What’s more he has completed a pretty impressive looking micro distillery, complete with pot still. Now that’s what I call impressive DIY skills (no surprise, I suppose, given that there’s an Andy man involved).

“Gins are selected. The challenge now is to obtain botanicals from each individual gin. No-one said it was going to be easy,” says Andy.

“In January I will release the names of each gin selected and my new name. A gin worthy of airports and airlines. A hard nut to crack – but why not?”

Why not indeed? Want to lend Andy a hand? What would you call his international gin?

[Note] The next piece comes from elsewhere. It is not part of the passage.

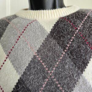 Classic Alfred Dunner Argyle Light/Dark Gray & White Sweater Size S
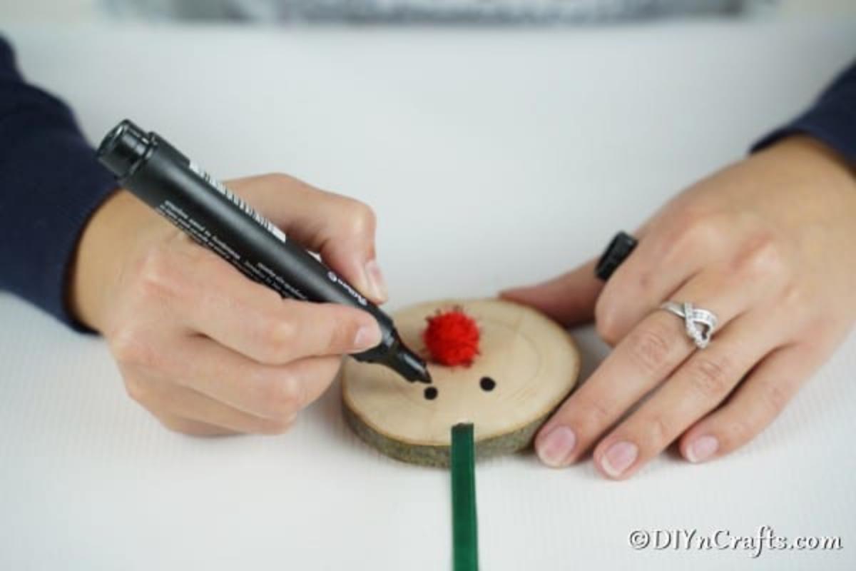 Once the hole has been cut, you will use the marker to draw on eyes and a mouth for your reindeer.

Send your contributions to me at Martin@MoodieDavittReport.com headed ‘Andy’s Gin’ by 22 December and the best suggestions wins a bottle of their favourite gin in the New Year.

Footnote 1: Andy has joined in the spirit, as it were, nominating a name for the gin-in-waiting – Pervenire ad aetheres.

That is Latin for ‘Reach for the skies’ (in my old rugby days that’s what I used to dub a certain scrumhalf I played outside, such was his proclivity for throwing impossibly high passes to me, playing at stand-off).

“There has been no Latin name for a gin I can find and it’s relevant to my exclusivity for airlines and airports,” says Andy.

Make mine a Pervenire ad aetheres and tonic then.

Of all the gin joints in all the towns in all the world he walked into his own
Still crazy after all these years
DIY x 2: Do it yourself then distil it yourself

*Footnote 2: And, as this darkest of years is coming at last to an end, I shall lighten its closure with some appropriately gin-laced jokes.

Woman: I love you.
Man: Is that you or the gin talking?
Woman: It’s me talking to the gin.

Two German visitors go into a London pub.
“Two gins please!”
“(Bartender) Dry?”
“Nein, zwei!”

A gorilla goes up to a bar and asks for a gin and tonic. The bartender makes the G&T and says: “That’ll be £20 – and I must say we don’t get many gorillas in here.”

The gorilla replies: “With prices like that, I’m not surprised.”